(Stored records)

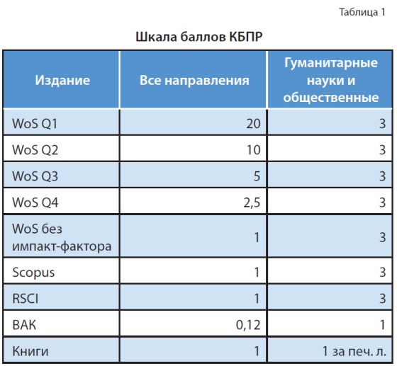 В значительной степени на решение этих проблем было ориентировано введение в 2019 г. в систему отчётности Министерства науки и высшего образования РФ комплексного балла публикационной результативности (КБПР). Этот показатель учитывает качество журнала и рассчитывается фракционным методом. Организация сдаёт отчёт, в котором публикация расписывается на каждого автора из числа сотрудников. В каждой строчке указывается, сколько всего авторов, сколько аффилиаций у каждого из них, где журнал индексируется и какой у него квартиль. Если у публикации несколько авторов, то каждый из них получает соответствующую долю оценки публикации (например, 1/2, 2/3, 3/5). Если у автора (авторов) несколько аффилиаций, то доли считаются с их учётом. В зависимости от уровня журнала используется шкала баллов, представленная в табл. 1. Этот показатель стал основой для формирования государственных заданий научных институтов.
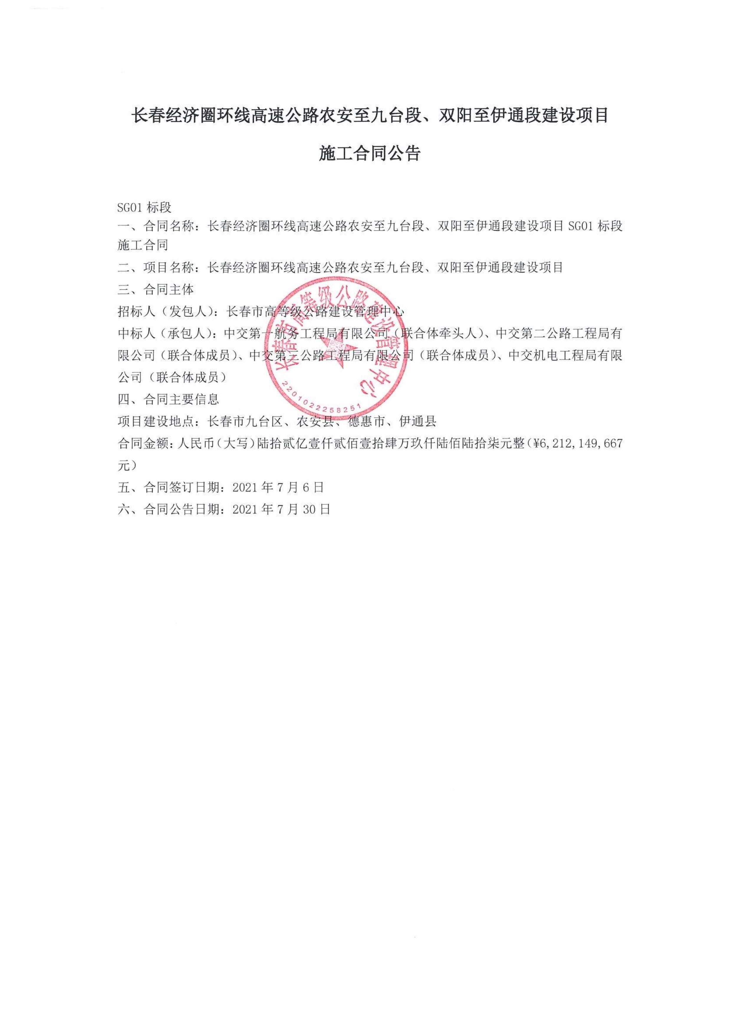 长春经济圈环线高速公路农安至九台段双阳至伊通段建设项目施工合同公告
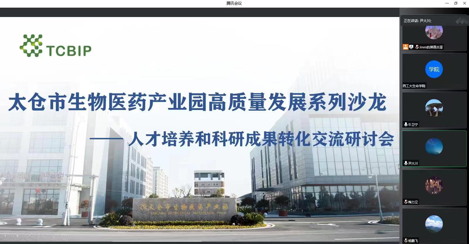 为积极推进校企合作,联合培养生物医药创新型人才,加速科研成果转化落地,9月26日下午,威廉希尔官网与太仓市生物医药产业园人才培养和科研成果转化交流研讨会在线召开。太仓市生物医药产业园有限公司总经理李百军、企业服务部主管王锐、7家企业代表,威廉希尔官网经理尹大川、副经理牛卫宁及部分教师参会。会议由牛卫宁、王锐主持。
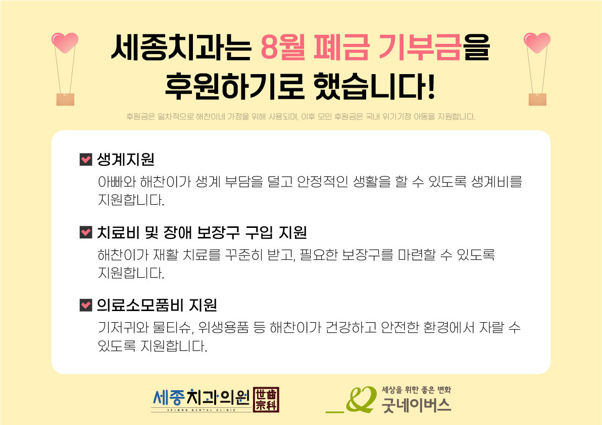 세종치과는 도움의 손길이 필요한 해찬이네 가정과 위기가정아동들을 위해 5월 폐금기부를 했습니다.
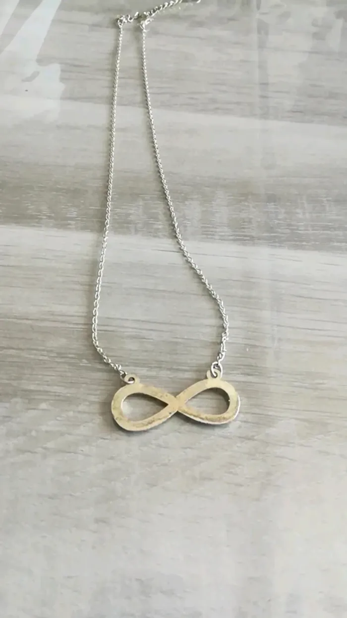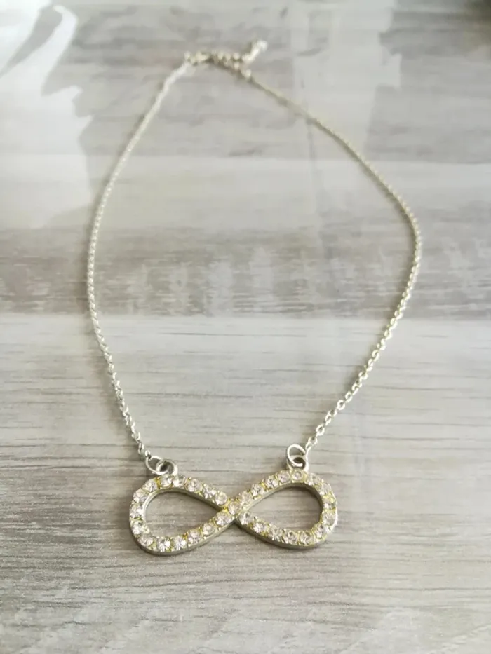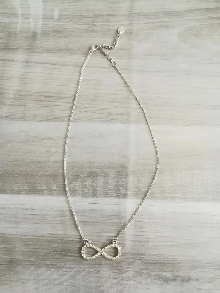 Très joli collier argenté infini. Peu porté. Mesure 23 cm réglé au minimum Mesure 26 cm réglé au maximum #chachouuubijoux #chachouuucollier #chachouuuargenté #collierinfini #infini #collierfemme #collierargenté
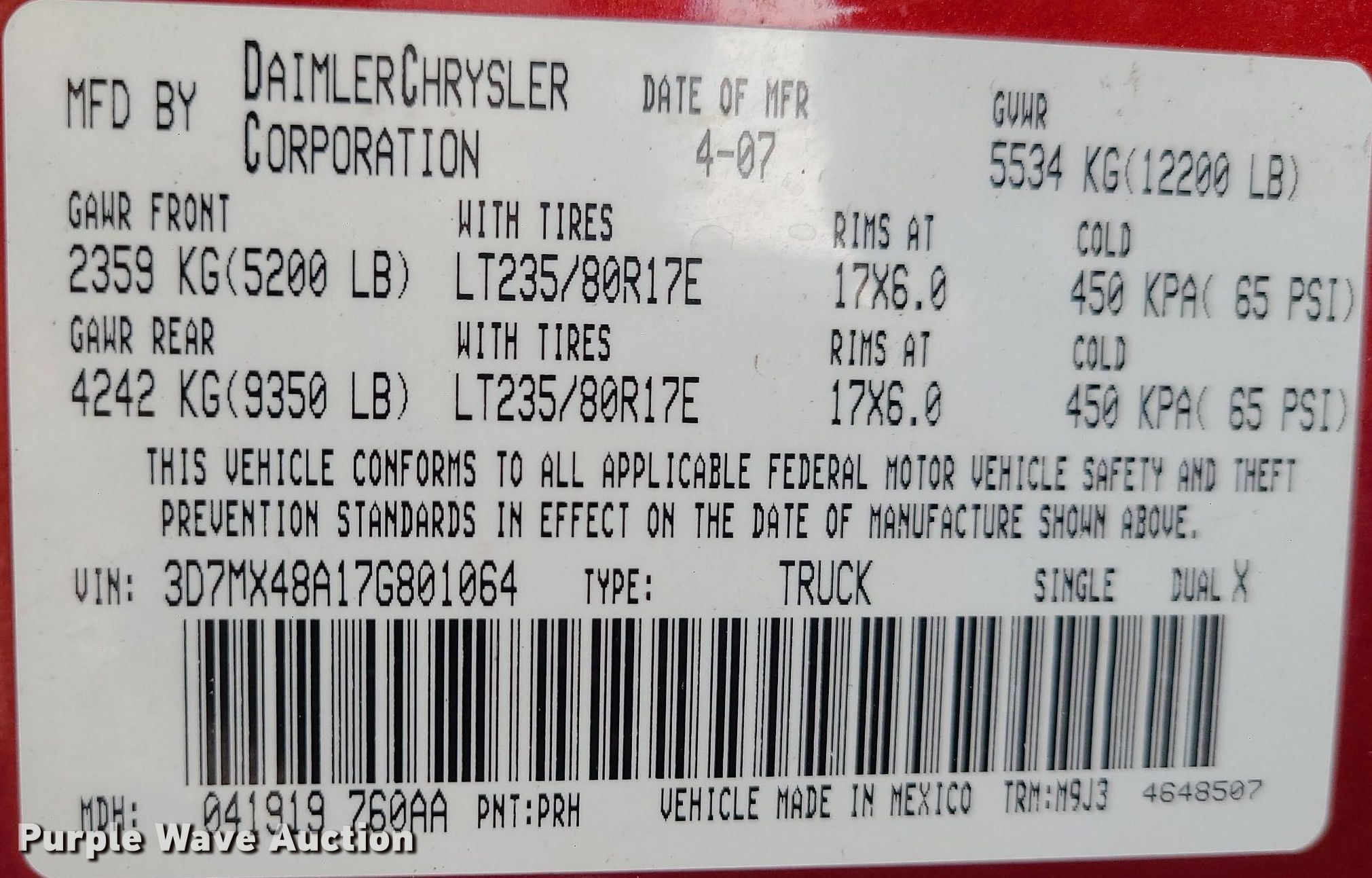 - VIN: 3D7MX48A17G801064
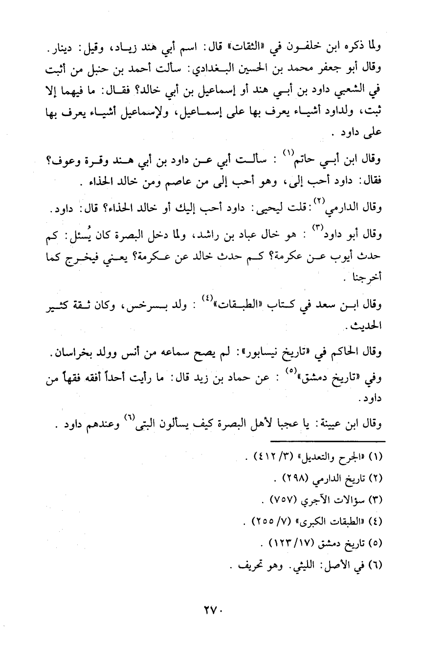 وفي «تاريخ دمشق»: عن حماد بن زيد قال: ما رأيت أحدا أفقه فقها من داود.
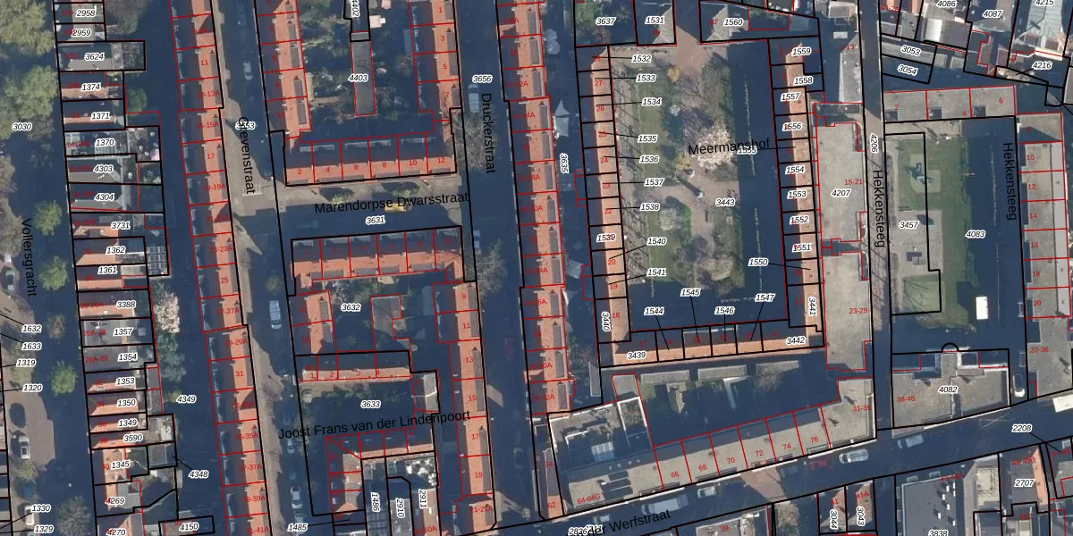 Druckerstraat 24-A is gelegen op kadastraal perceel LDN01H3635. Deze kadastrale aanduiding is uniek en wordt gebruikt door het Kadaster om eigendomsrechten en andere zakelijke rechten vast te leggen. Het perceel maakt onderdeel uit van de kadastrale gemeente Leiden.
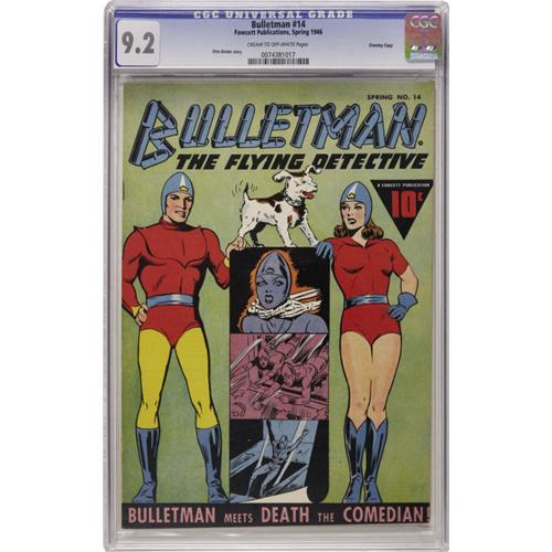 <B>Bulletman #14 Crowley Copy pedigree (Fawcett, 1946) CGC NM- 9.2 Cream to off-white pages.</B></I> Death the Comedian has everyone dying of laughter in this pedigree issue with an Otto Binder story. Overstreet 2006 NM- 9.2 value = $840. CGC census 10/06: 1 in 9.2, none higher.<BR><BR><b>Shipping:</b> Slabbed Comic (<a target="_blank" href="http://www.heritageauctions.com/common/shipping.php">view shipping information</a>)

* Activity
Take the entries above and copy exactly the lines starting at the one with "为积极推进校企合作,联合培养" and ending at the one with "فقها من داود."; nothing outside that span, and no pictures.

* Exercise answer
 为积极推进校企合作,联合培养生物医药创新型人才,加速科研成果转化落地,9月26日下午,威廉希尔官网与太仓市生物医药产业园人才培养和科研成果转化交流研讨会在线召开。太仓市生物医药产业园有限公司总经理李百军、企业服务部主管王锐、7家企业代表,威廉希尔官网经理尹大川、副经理牛卫宁及部分教师参会。会议由牛卫宁、王锐主持。
 세종치과는 도움의 손길이 필요한 해찬이네 가정과 위기가정아동들을 위해 5월 폐금기부를 했습니다.
 Très joli collier argenté infini. Peu porté. Mesure 23 cm réglé au minimum Mesure 26 cm réglé au maximum #chachouuubijoux #chachouuucollier #chachouuuargenté #collierinfini #infini #collierfemme #collierargenté
 - VIN: 3D7MX48A17G801064
 وفي «تاريخ دمشق»: عن حماد بن زيد قال: ما رأيت أحدا أفقه فقها من داود.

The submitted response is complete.